Pictures must not appear in the copy. Restate exactly the lines below from the one with "Słodko, kremowo i" through the one with "По дороге на", inclusive.

DATA LISTING:
=== Begin Enclosure ===

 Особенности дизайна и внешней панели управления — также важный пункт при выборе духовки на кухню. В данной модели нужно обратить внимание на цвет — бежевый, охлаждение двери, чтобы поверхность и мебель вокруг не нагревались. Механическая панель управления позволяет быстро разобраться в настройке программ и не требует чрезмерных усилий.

=== End Enclosure ===
=== Begin Enclosure ===

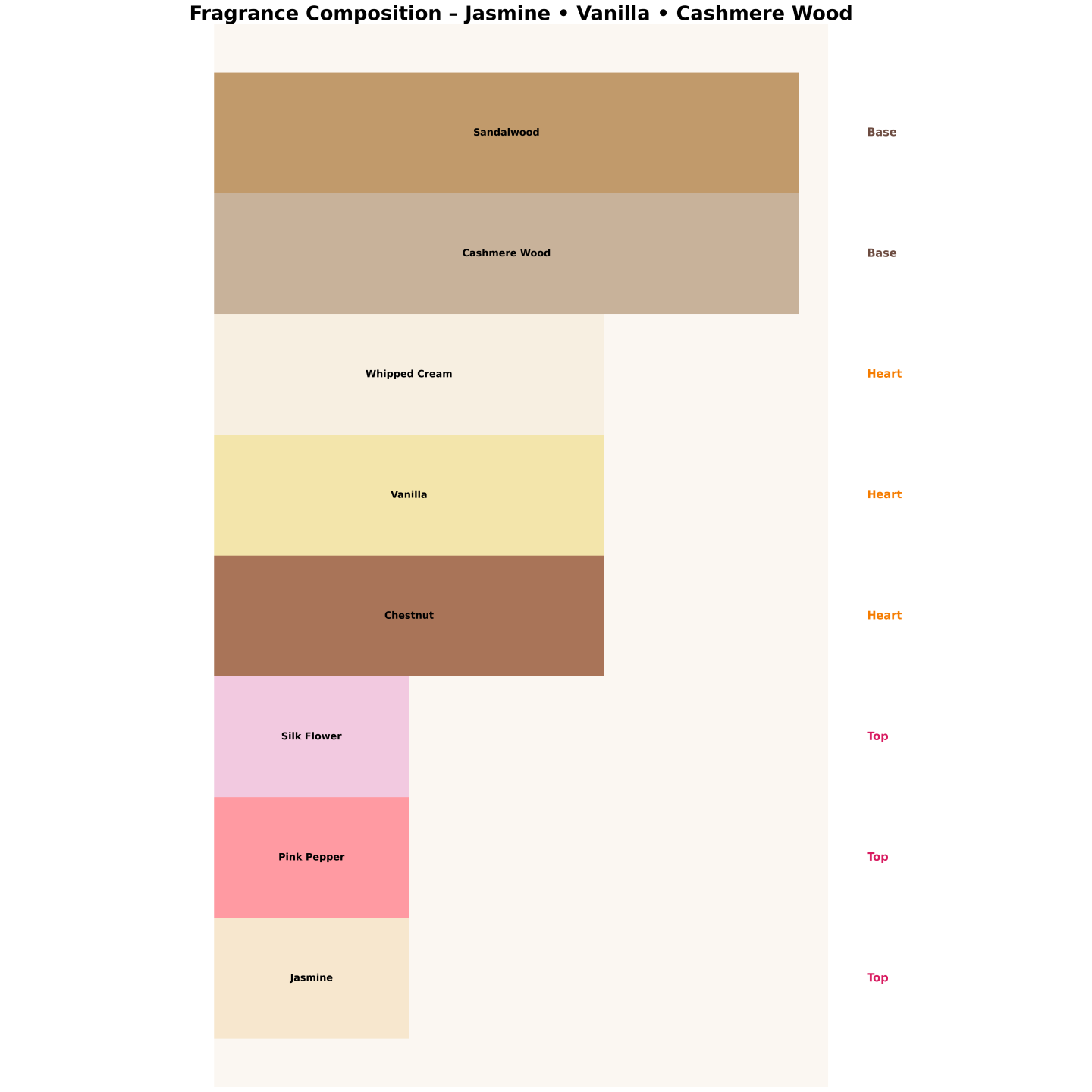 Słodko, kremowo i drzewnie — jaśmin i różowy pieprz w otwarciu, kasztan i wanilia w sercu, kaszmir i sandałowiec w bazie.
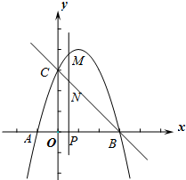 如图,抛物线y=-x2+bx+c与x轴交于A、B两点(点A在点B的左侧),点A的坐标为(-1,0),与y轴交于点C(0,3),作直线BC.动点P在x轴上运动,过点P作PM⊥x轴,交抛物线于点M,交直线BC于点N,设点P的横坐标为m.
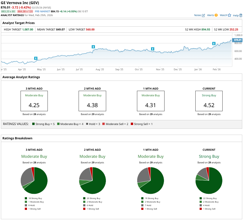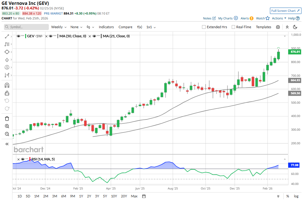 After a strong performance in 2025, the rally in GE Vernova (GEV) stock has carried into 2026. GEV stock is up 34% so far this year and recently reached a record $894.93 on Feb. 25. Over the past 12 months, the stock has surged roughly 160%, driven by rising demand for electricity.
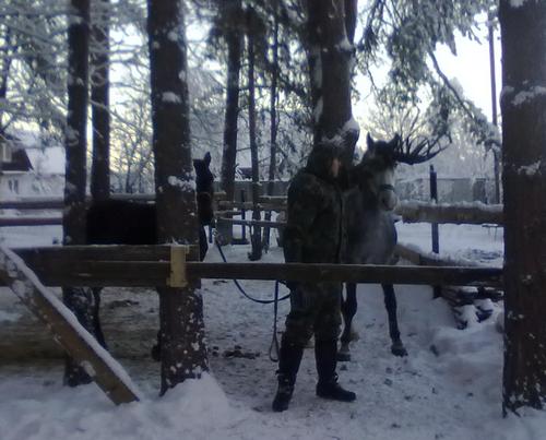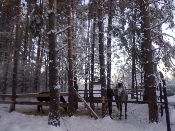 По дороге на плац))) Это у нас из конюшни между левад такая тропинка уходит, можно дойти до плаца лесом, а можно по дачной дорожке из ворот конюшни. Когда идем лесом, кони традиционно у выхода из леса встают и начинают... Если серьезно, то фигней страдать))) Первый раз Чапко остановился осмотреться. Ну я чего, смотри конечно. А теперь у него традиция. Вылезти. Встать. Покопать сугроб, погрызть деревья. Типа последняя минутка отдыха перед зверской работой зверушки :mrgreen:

=== End Enclosure ===
=== Begin Enclosure ===

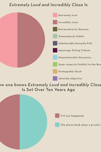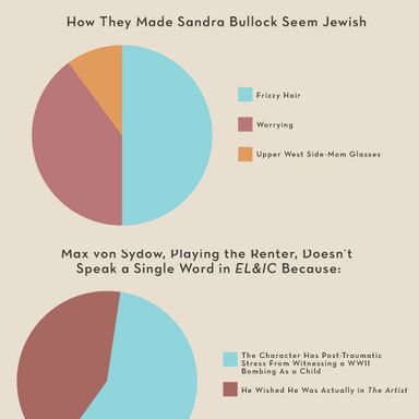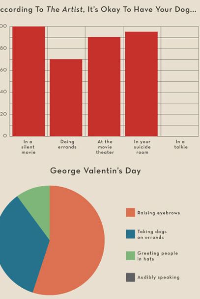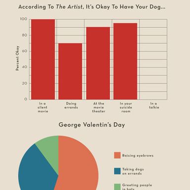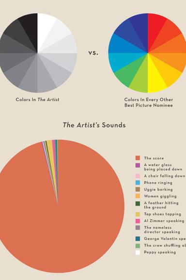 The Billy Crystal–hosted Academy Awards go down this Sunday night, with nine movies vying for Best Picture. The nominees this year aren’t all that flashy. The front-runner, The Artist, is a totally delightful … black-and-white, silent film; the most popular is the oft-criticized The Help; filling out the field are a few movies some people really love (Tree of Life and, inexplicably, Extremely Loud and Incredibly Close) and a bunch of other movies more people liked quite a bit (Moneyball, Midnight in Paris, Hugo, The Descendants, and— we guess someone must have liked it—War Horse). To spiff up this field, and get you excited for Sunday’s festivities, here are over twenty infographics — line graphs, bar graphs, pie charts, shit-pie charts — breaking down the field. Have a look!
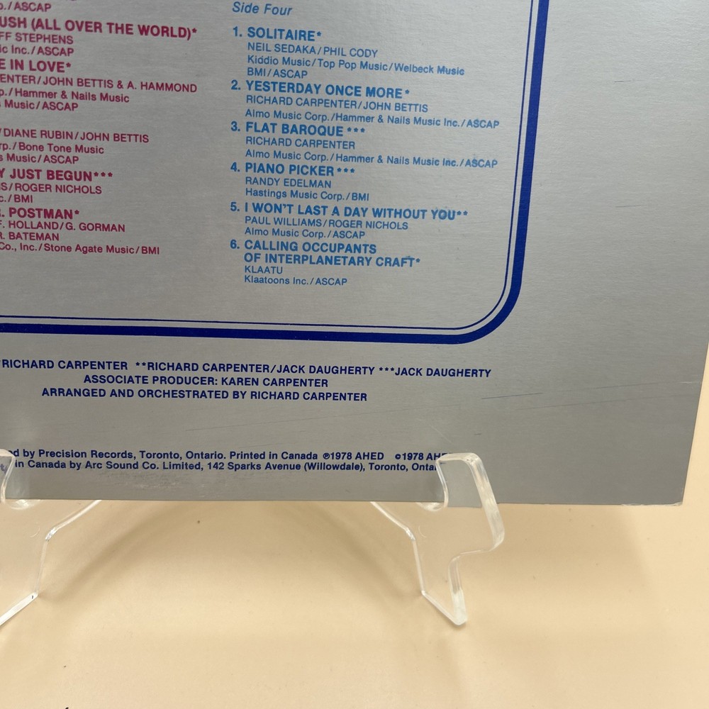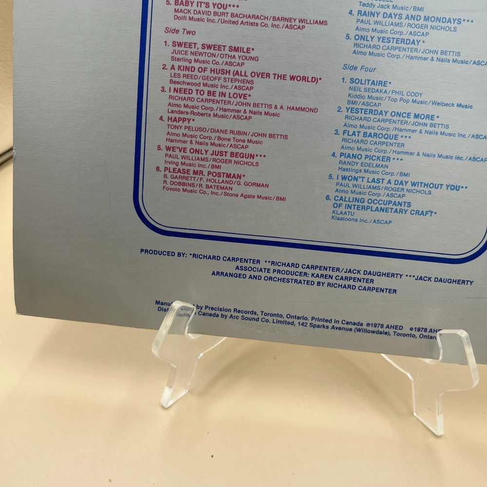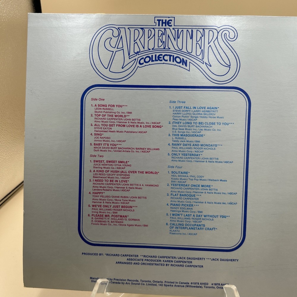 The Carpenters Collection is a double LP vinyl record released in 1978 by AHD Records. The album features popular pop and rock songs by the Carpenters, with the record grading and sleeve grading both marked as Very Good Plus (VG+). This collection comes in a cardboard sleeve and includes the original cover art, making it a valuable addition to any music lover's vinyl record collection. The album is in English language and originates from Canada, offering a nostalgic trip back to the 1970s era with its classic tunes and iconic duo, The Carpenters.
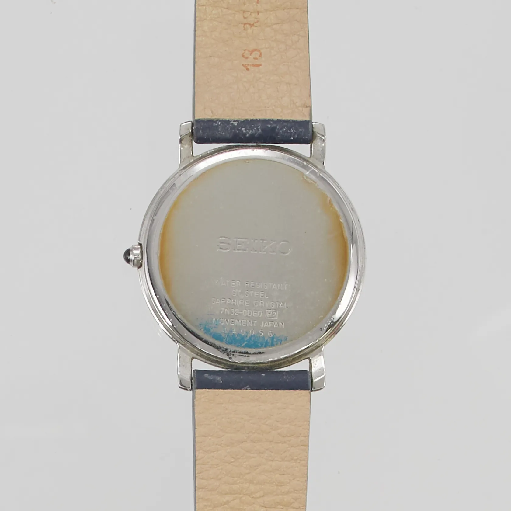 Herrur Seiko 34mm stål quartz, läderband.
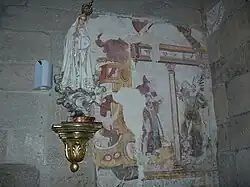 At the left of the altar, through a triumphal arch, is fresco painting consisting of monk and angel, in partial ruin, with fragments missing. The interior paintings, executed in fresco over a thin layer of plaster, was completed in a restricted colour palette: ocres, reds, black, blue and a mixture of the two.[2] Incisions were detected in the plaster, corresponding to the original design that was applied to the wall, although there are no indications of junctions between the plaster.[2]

=== End Enclosure ===

RESPONSE AREA:
 Słodko, kremowo i drzewnie — jaśmin i różowy pieprz w otwarciu, kasztan i wanilia w sercu, kaszmir i sandałowiec w bazie.
 如图,抛物线y=-x2+bx+c与x轴交于A、B两点(点A在点B的左侧),点A的坐标为(-1,0),与y轴交于点C(0,3),作直线BC.动点P在x轴上运动,过点P作PM⊥x轴,交抛物线于点M,交直线BC于点N,设点P的横坐标为m.
 After a strong performance in 2025, the rally in GE Vernova (GEV) stock has carried into 2026. GEV stock is up 34% so far this year and recently reached a record $894.93 on Feb. 25. Over the past 12 months, the stock has surged roughly 160%, driven by rising demand for electricity.
 По дороге на плац))) Это у нас из конюшни между левад такая тропинка уходит, можно дойти до плаца лесом, а можно по дачной дорожке из ворот конюшни. Когда идем лесом, кони традиционно у выхода из леса встают и начинают... Если серьезно, то фигней страдать))) Первый раз Чапко остановился осмотреться. Ну я чего, смотри конечно. А теперь у него традиция. Вылезти. Встать. Покопать сугроб, погрызть деревья. Типа последняя минутка отдыха перед зверской работой зверушки :mrgreen:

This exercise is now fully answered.